Hands on Earth educates the community with staggering trash and recycling research

“It’s estimated that the average individual creates around 4 pounds of trash per day, which adds up to nearly 1,500 pounds of trash per year,” according to recyclenation.com.

On Oct. 20, the Hands on Earth club met at the high school in order to kick off their trash audit event.

Katie Rose, senior, attended the event with her friends who are also in the club. “We wanted to collect data on the percentages of recyclables that go into the trash and vice versa and how much compostables are in the trash,” Rose said.

Hands on Earth hosted the event in order to supply viable information for the grants that the club plans on applying for to create better trash and recycling programs at the school which would improve the environment and actually save the school some extra money.

Suha Hussain, senior and club vice president, shared the eye-opening reality of the event’s results. “We basically went through 40 trash bags…and sorted it into paper, cardboard, compost ales, recyclables (like) glass, cans, plastic and trash,” Hussain said.

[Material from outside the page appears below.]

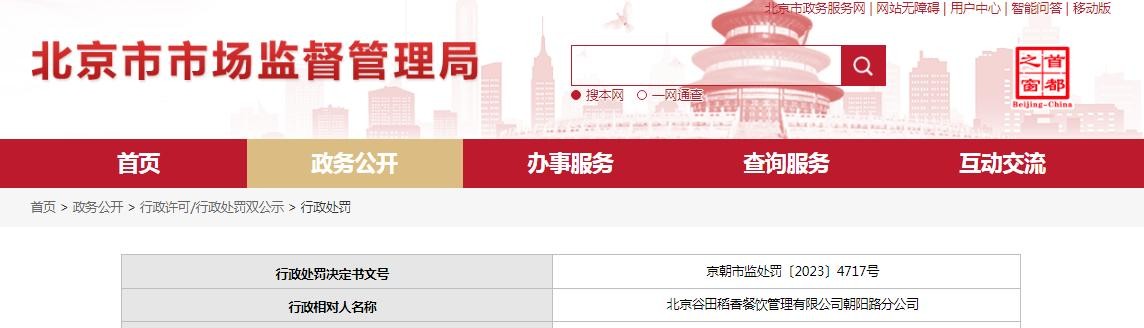 关于对北京谷田稻香餐饮管理有限公司朝阳路分公司行政处罚信息(京朝市监处罚〔2023〕4717号)

Since the event was a bit short on people with an overall person turnout, the club reduced the sample size of their data to 15.

“We weighed the contents of each category. Daria (Azizad) and Clare (Wang) ran some statistical tests on our data and found that around 60% of our trash (is improperly disposed),” Hussain said. By weight, about 41 percent of the trash was actually recyclable and nearly 9 percent was compostable.

Tommy Joseph, senior and member of Hands on Earth, attended the trash audit to support his club in their endeavor to uncover where our waste truly goes.

Joseph found that collecting data from the event was a tedious but necessary task. “I saw compost, a lot of uneaten food, a lot of waste from school lunches. The majority of the waste I saw could have been repurposed if we had the proper means of doing so. We just need to invest more money and resources,” Joseph said.

Hands on Earth worked to recover 501.4 pounds of trash the day of the trash audit. They additionally found that a staggering 92 percent of waste in recycle bins was actually trash, leaving only 8 percent of the waste to actually be recyclable material.

“We can use the data and its results to develop strategies to increase recycling which is better for the environment and will actually save our school money,” Rose said.